Cisco Update

Cisco recently issued patches to rectify a severe security vulnerability found in its Unified Communications and Contact Center Solutions products. This vulnerability, identified as CVE-2024-20253 with a high-risk CVSS score of 9.9, could potentially allow an unauthenticated, remote hacker to run arbitrary code on a compromised device.

The vulnerability is a result of incorrect handling of data supplied by users. Attackers could exploit this by sending a specially designed message to an open listening port on a vulnerable device.

According to Cisco’s advisory, a successful attack could enable the perpetrator to execute arbitrary commands with the same rights as the web services user on the operating system. This could potentially lead to the attacker gaining root access on the affected device.

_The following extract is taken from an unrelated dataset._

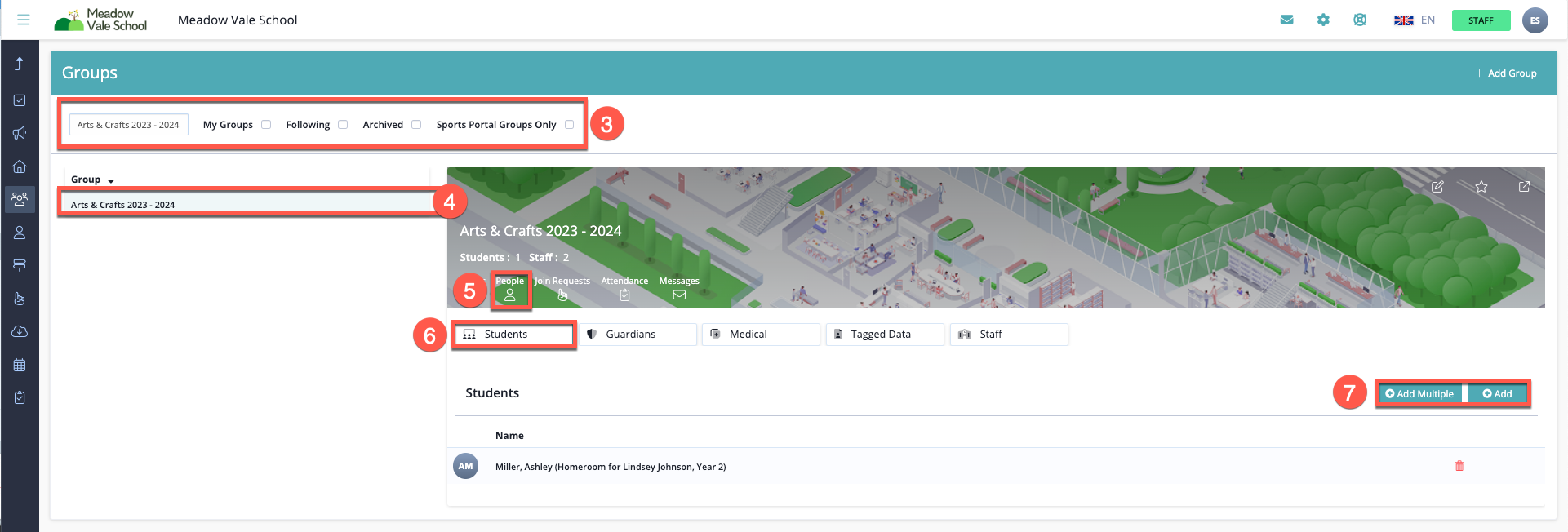 - Use the filters to find the correct group. If you are searching for a group that you are not a member of staff, you must unclick the My Groups toggle box.

Julien Egloff, a security researcher from Synacktiv, is credited with discovering and reporting this critical flaw. Affected products include:

  • Unified Communications Manager (versions 11.5, 12.5(1), and 14),
  • Unified Communications Manager IM & Presence Service (versions 11.5(1), 12.5(1), and 14),
  • Unified Communications Manager Session Management Edition (versions 11.5, 12.5(1), and 14),
  • Unified Contact Center Express (versions 12.0 and earlier, and 12.5(1)),
  • Unity Connection (versions 11.5(1), 12.5(1), and 14), and
  • Virtualized Voice Browser (versions 12.0 and earlier, 12.5(1), and 12.5(2))

Currently, there are no direct solutions to this vulnerability, but Cisco is advising users to implement access control lists (ACLs) as an interim measure to restrict access, especially in cases where the updates cannot be immediately applied. These ACLs should be set on intermediary devices to isolate the Cisco Unified Communications or Cisco Contact Center Solutions cluster, allowing access solely to the ports of deployed services.

This announcement comes shortly after Cisco addressed another critical security issue in Unity Connection, identified as CVE-2024-20272 with a CVSS score of 7.3, which also allowed attackers to run arbitrary commands on the system.